Apart from “ideological purity,” who won the debate, if we consider the many Data Warehousing implementations of the last twenty years?

Success stories and case studies exist for both methodologies, showcasing instances where each approach has been effective in meeting the organization’s goals and requirements. The choice between Inmon and Kimball often depended on factors such as the organization’s data complexity, reporting needs, existing infrastructure, and the skill set of the team.

It’s important to note that over time, hybrid approaches and adaptations that borrow elements from both Inmon and Kimball methodologies have become more common, reflecting the evolving nature of data warehousing practices. Organizations customized their approach based on their unique circumstances and requirements. Most organizations ended up adopting hybrid approaches, tailoring both methodologies on their specific needs.

Drawing a parallel between Data Warehousing and Data Mesh/Data Fabric, and considering the Data Warehousing experience of the last twenty years, I feel that I can make a bold prediction: the same will occur to the current debate.

Organizations will adopt hybrid solutions. I can foresee scenarios where an organization striving to adopt a Data Fabric solution will have to settle for less-than-ideal outcomes, where the initial centralized and homogeneous data architecture will have to coexist with more tactical initiatives initiated by those departments which could not wait for the the company-wide data architecture “nirvana” to be completed.

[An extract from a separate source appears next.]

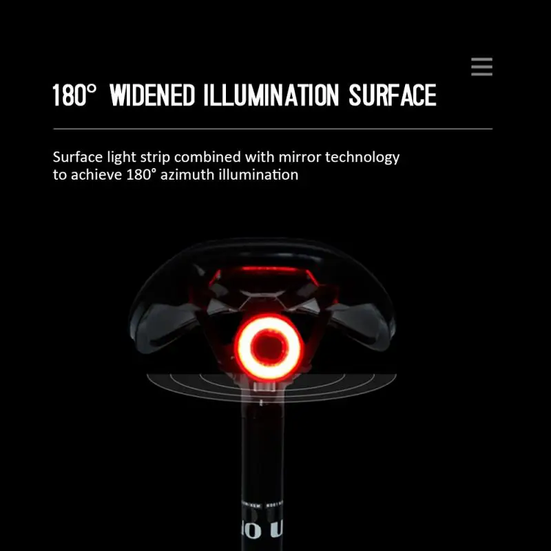 Задний светодиодный фонарь MEROCA для горного велосипеда, перезаряжаемый Интеллектуальный стоп-сигнал, предупреждающий фонарь, водонепроницаемость IPX6

And I can also foresee scenarios where tactical and compartmentalized initiatives will have to be merged into a “bigger picture” architecture further down the track, to avoid the impedance mismatch of similar, but not identical, data residing in different company “silos.”

Conclusion:

In the end, the two approaches will coexist and will contribute in equal manner to the success of companies in their journeys dealing with Data/Big Data and Analytics.